As you mentioned, you recently started selling pieces online, why did you decide to do that?

One of the reasons is that, as the company is growing, we are getting more and more really special pieces. As long as we’ve been in business, now almost six years, people are starting to know us more and they feel comfortable bringing their best pieces. So we wanted to find another outlet to sell more than we can in the store.

And the online store is a great way to really go through all of the items – because on a rack, it might just look like a row of black jackets. But online, you look at each piece individually, so they really stand out.

And it is also a great way to show people what we have, and get them to come into the store. And as it grows, hopefully we can have enough business so that we can have one person dedicated to that and expand it even more.
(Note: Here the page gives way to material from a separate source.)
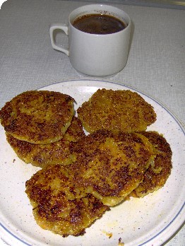 Bei so eine Art "Kartoffelpuffer" esse ich lieber Zucker drauf und 1 Tasse Kaffee frisch gebrüht.
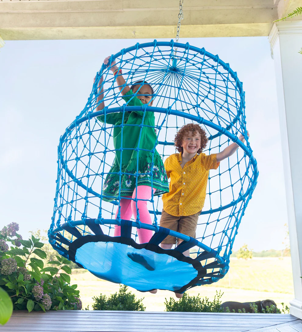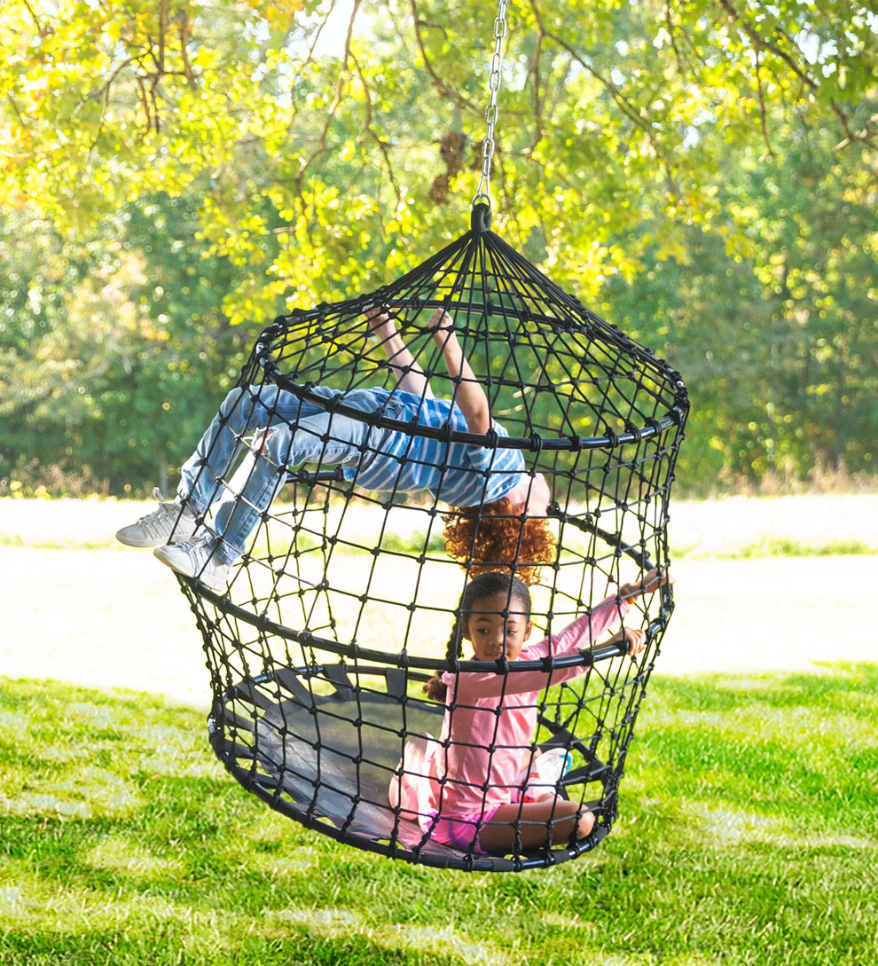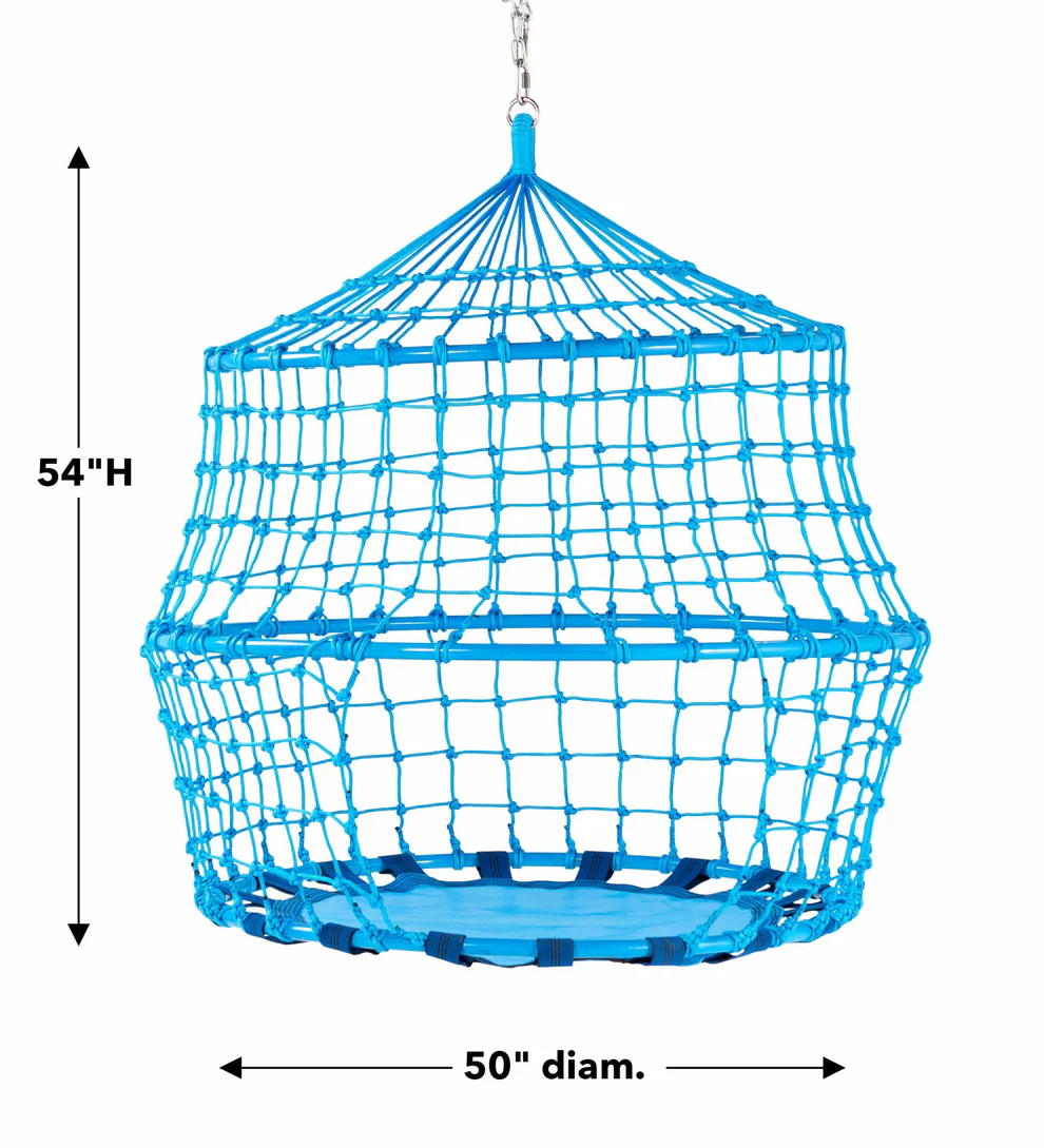 Available in 2 colors (blue or black), the sturdy rope construction adds breathability and visibility to this 50″ diam. x 54″H unique hanging play space (part swing, part rope tunnel, part hanging tent), and the wide opening provides easy entry and exit. A 40″ diam. comfy Textilene swing mat extends along the base of the structure, supporting two kids (up to 450 lbs).

How else do you hope to grow the business in the future?

We’ve been working with more and more stylists who have a lot of local, private clients. Clients who they not only dress and style for events, but also help them clean out their closets. And a lot of times these people have items that they’ve bought and never even worn, so it’s a great way to find pieces in really good condition.

What advice would you give to students just starting out on their own?

When you have a passion for what you do, and you do what you like, that is always the best. And if you can make a living from it – that is even better! But I think you have to be patient, because it takes time to start your own business. You just have to keep going, and you will get there.

Thank you so much to Miguel and Gabriel for your time!